* [Supplied entries]

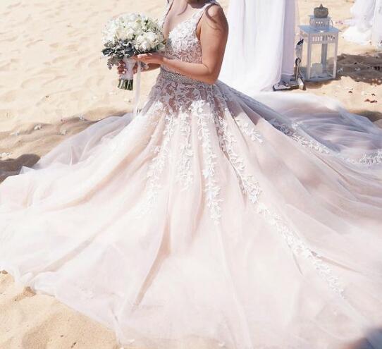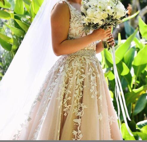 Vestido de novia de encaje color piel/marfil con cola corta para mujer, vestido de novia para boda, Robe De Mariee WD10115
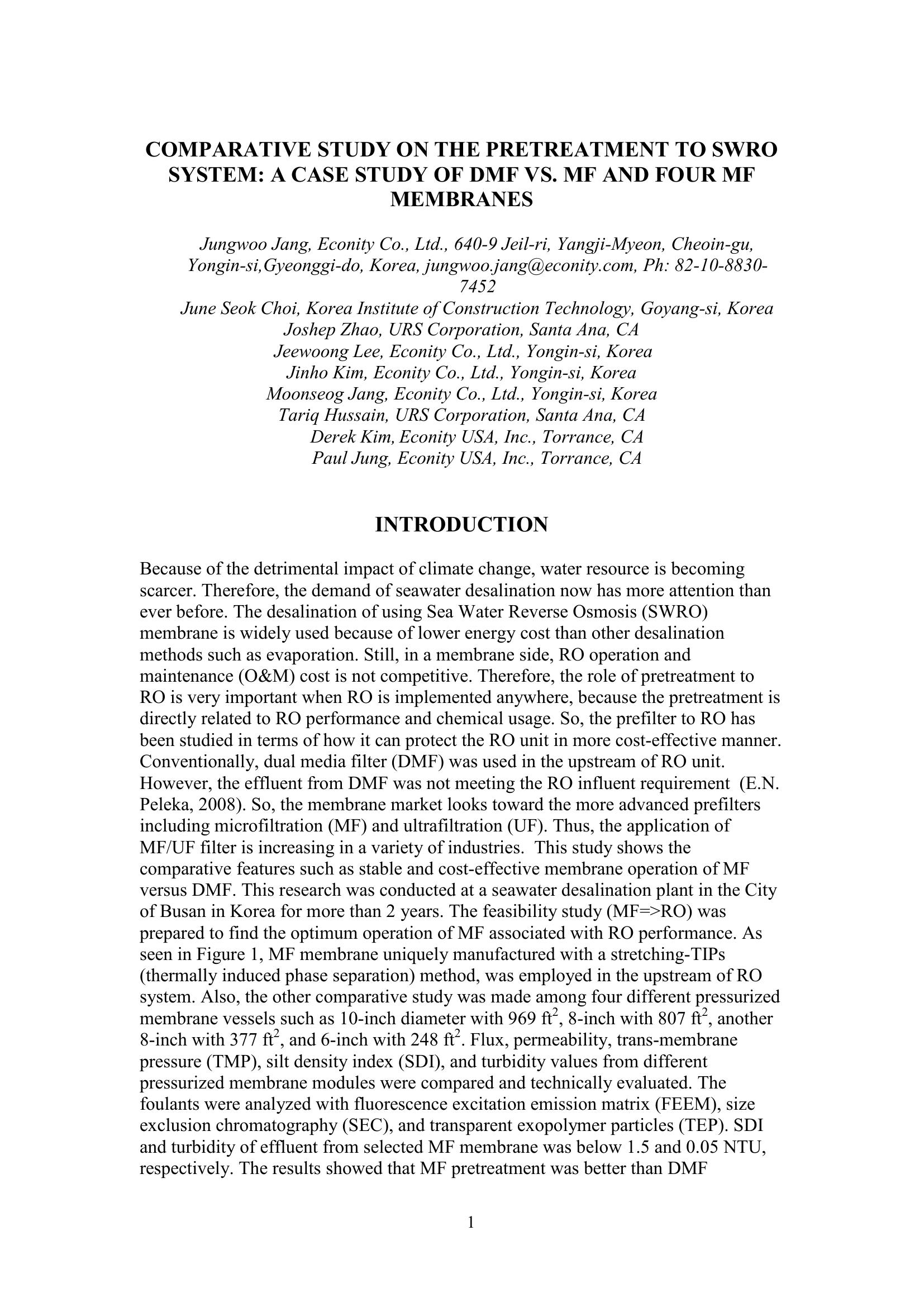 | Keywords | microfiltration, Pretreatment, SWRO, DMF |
--
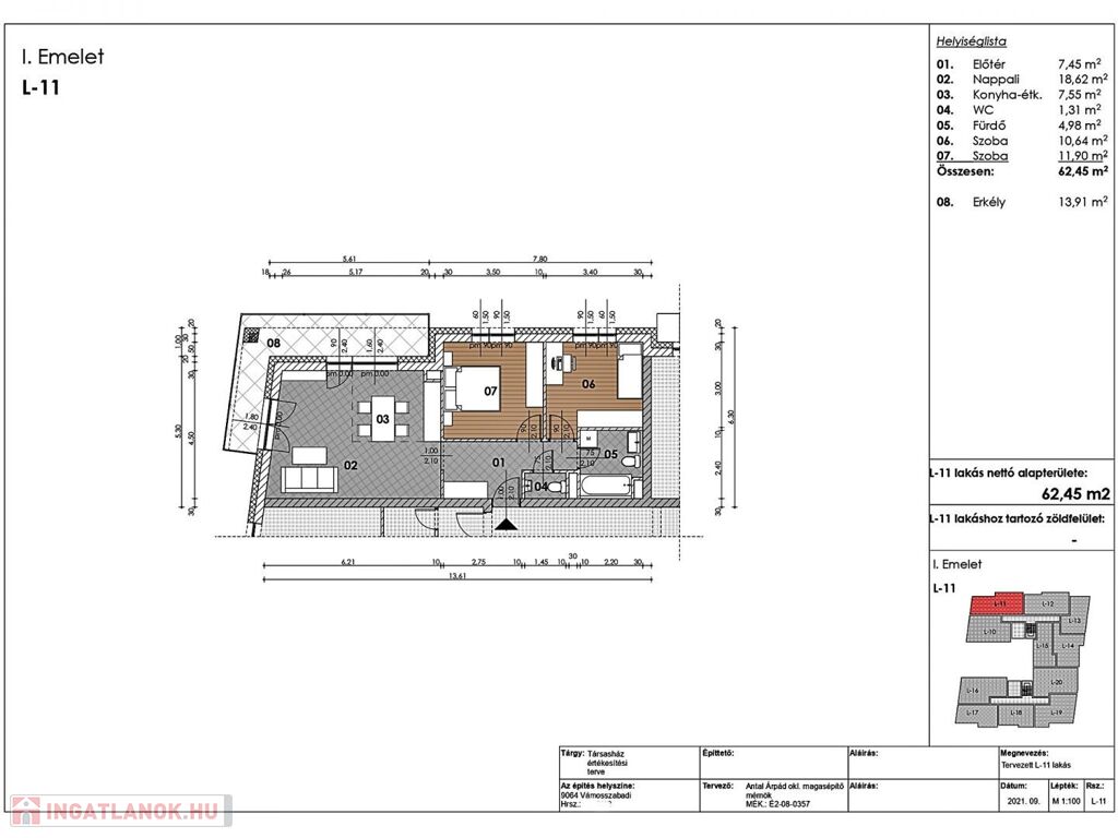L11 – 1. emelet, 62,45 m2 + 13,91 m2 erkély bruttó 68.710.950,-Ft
---
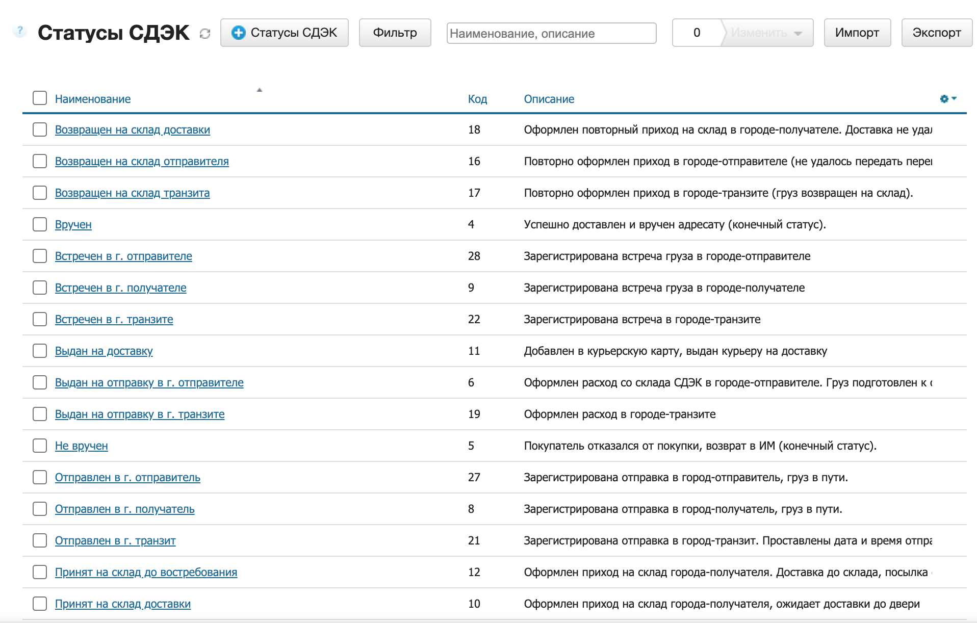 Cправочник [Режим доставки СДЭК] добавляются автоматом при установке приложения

* [Problem] What is needed is an exact copy of the lines above from the one with "Vestido de novia de" to the one with "SWRO, DMF |", both ends kept, and nothing more; please leave the pictures out.

* [Task answer]
 Vestido de novia de encaje color piel/marfil con cola corta para mujer, vestido de novia para boda, Robe De Mariee WD10115
 | Keywords | microfiltration, Pretreatment, SWRO, DMF |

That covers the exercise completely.